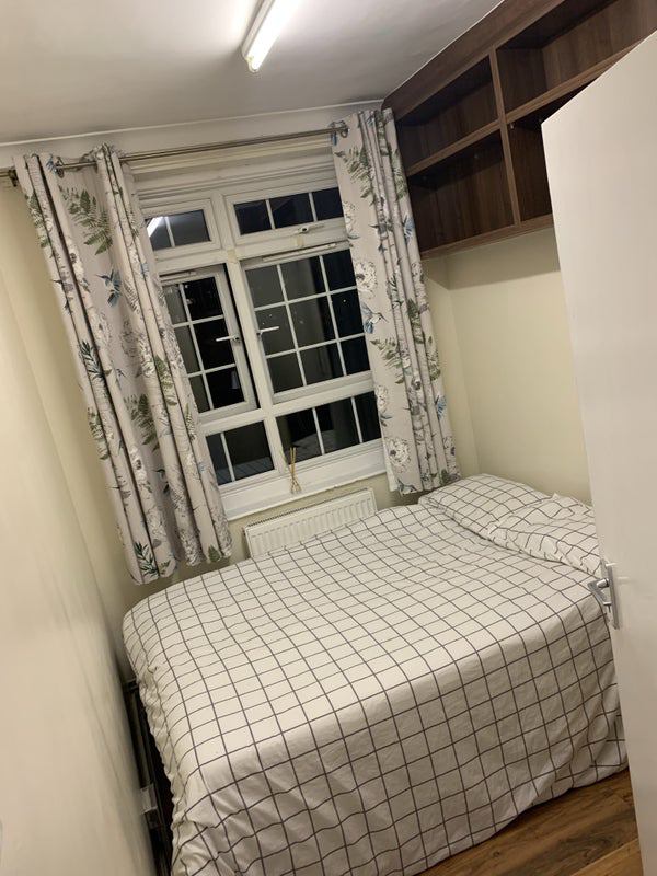 A bright and nice furnished double room with a double bed and spacious wardrobe plus chest of drawers in a well looked-after flat.
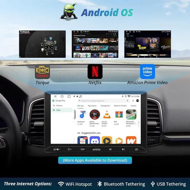 Enhanced Audio & Radio Experience: 10 inch Android car stereo built-in DSP with 9 EQ presets and 24 bands. Preamplifier offers peak 4x45W and continuous 4x24RMS power. Supports F-M/AM with RBDS, S-XMproviding real-time info, traffic updates, and better user interaction
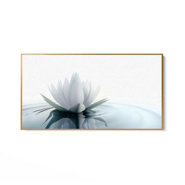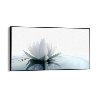 Il quadro "Calma Naturale" è una stampa su tela che rappresenta un fiore di loto bianco che galleggia serenamente su una superficie d'acqua calma. La composizione trasmette una sensazione di pace e tranquillità, perfetta per creare un'atmosfera rilassante in qualsiasi ambiente.
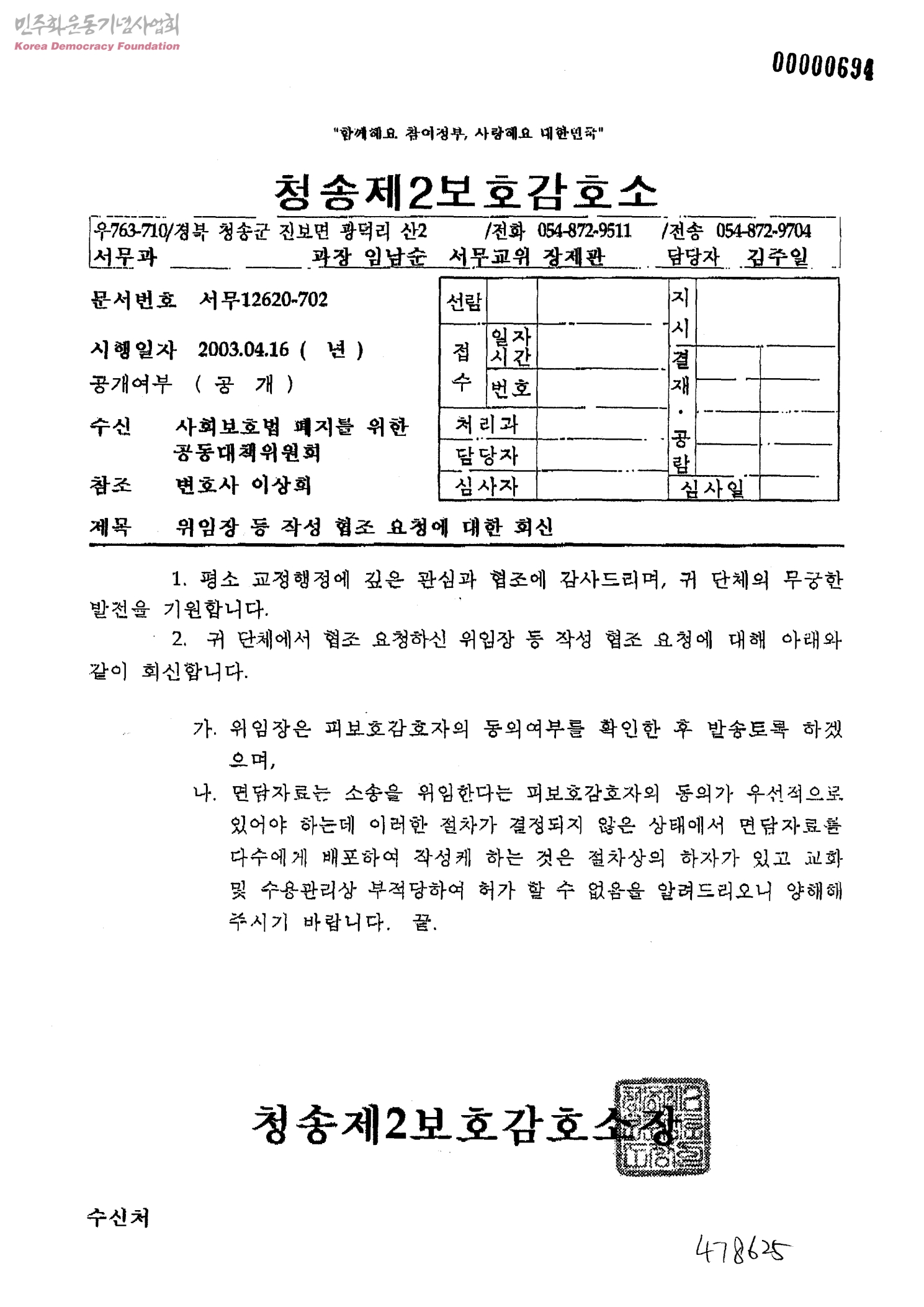 위임장 등 작성 협조 요청에대한회신[수신:사회보호법폐지를 위한 공동대책위원회]
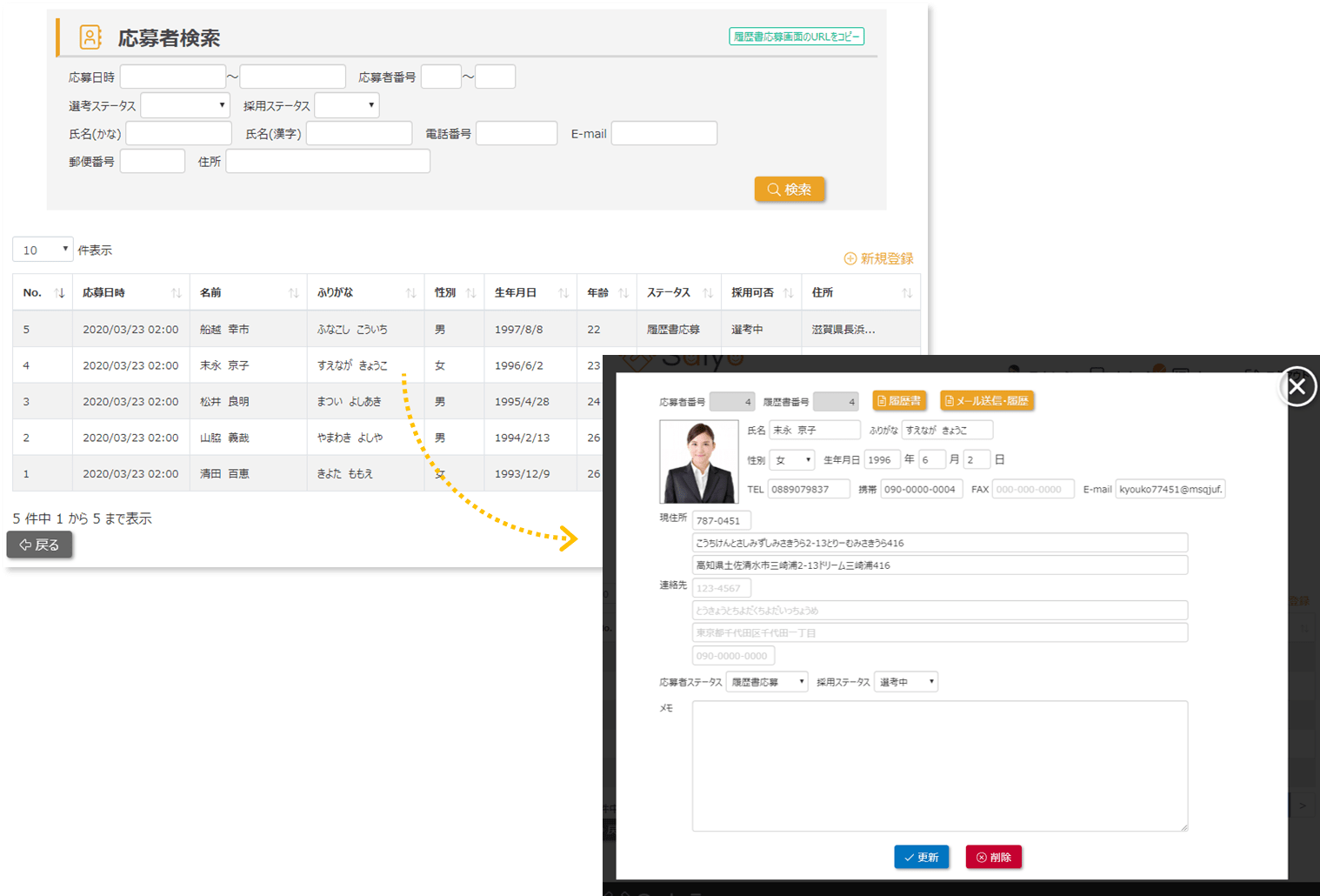 画面の基本構成は履歴書管理と同様で、検索画面で検索、検索一覧から各応募情報を参照するといった構成です。
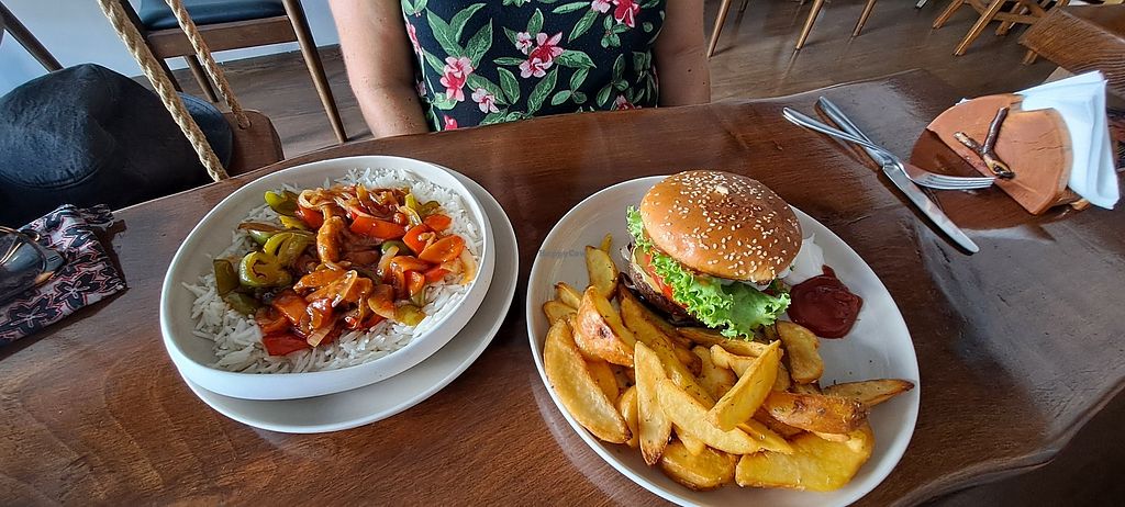 Read moreOn the first day we had burgers, they tasted very good, we also had the sweet and sour chicken with rice. The burgers were already quite filling so we didn't finish the fries that came with them. The chicken (tofu) was breaded and had a good palette between sweet and sour.
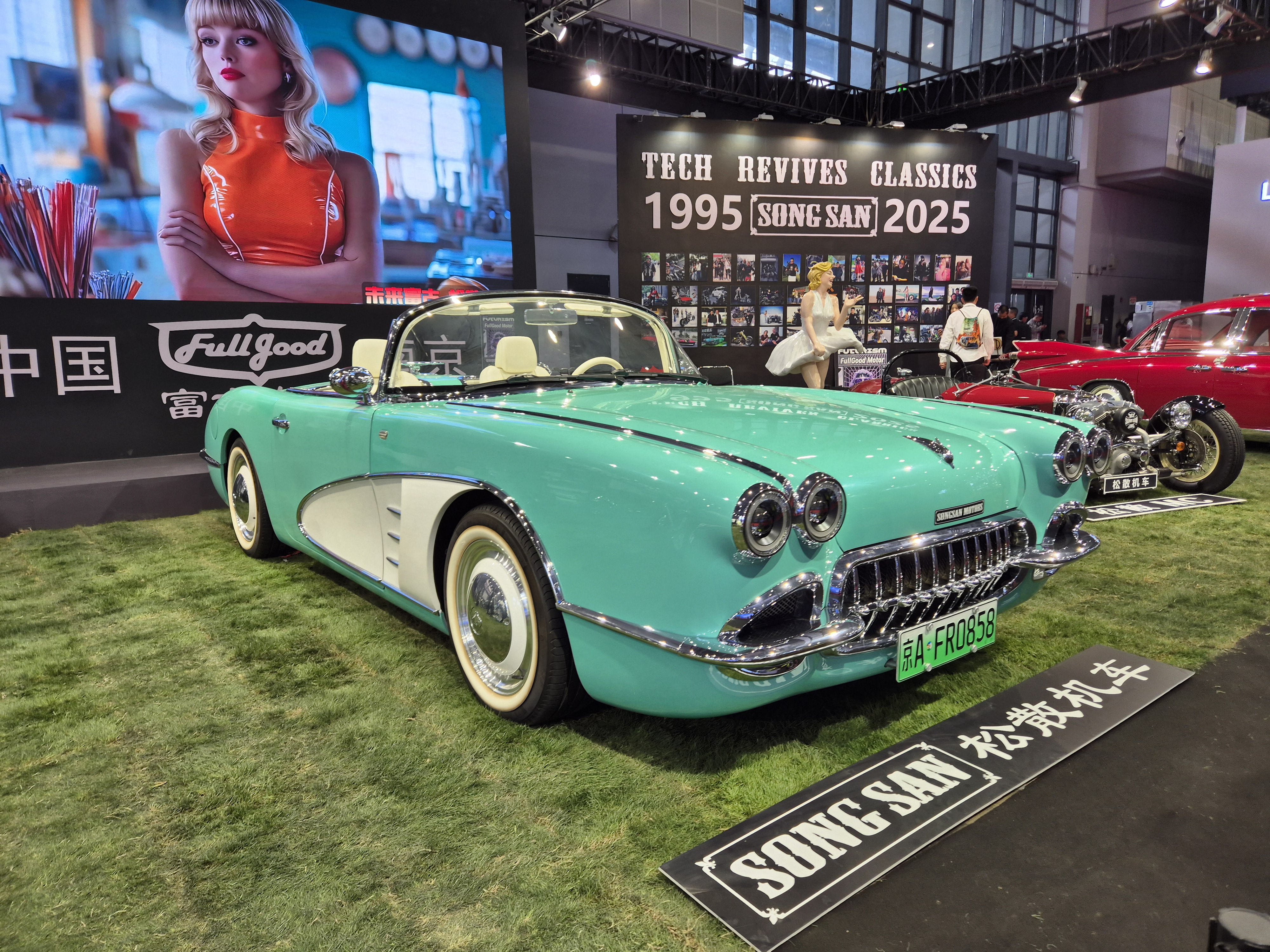 Em um canto do Salão de Xangai, a Songsan mostra algumas das suas criações, como o SS Dolphin, uma réplica da primeira geração do Chevrolet Corvette, e o Monterey, um cupê inspirado no Buick Roadmaster 1957.
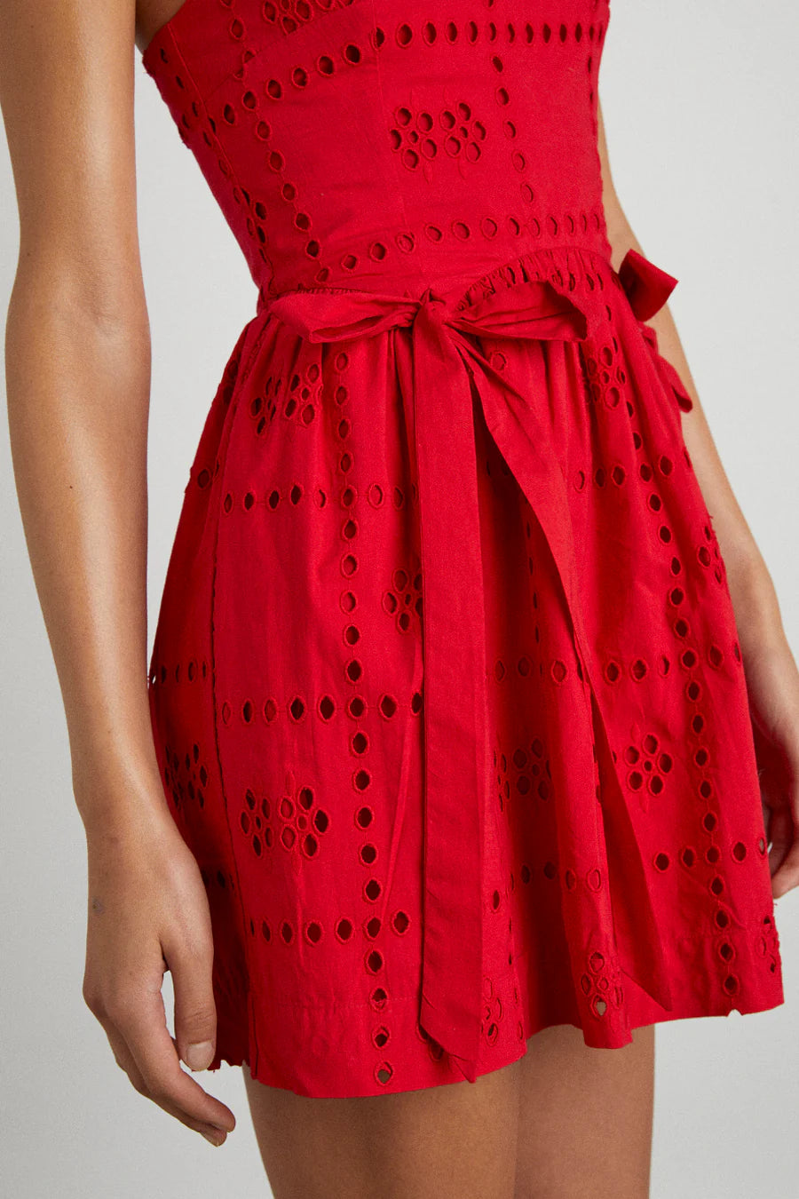 The Penelope apron dress is our red broderie mini dress featuring a corset style bodice with waist seam details and bows that gather into a fuller skirt.
════
## Exercise brief
Repeat each entry exactly as given; no pictures belong in the copy.

## Exercise answer
 A bright and nice furnished double room with a double bed and spacious wardrobe plus chest of drawers in a well looked-after flat.
 Enhanced Audio & Radio Experience: 10 inch Android car stereo built-in DSP with 9 EQ presets and 24 bands. Preamplifier offers peak 4x45W and continuous 4x24RMS power. Supports F-M/AM with RBDS, S-XMproviding real-time info, traffic updates, and better user interaction
 Il quadro "Calma Naturale" è una stampa su tela che rappresenta un fiore di loto bianco che galleggia serenamente su una superficie d'acqua calma. La composizione trasmette una sensazione di pace e tranquillità, perfetta per creare un'atmosfera rilassante in qualsiasi ambiente.
 위임장 등 작성 협조 요청에대한회신[수신:사회보호법폐지를 위한 공동대책위원회]
 画面の基本構成は履歴書管理と同様で、検索画面で検索、検索一覧から各応募情報を参照するといった構成です。
 Read moreOn the first day we had burgers, they tasted very good, we also had the sweet and sour chicken with rice. The burgers were already quite filling so we didn't finish the fries that came with them. The chicken (tofu) was breaded and had a good palette between sweet and sour.
 Em um canto do Salão de Xangai, a Songsan mostra algumas das suas criações, como o SS Dolphin, uma réplica da primeira geração do Chevrolet Corvette, e o Monterey, um cupê inspirado no Buick Roadmaster 1957.
 The Penelope apron dress is our red broderie mini dress featuring a corset style bodice with waist seam details and bows that gather into a fuller skirt.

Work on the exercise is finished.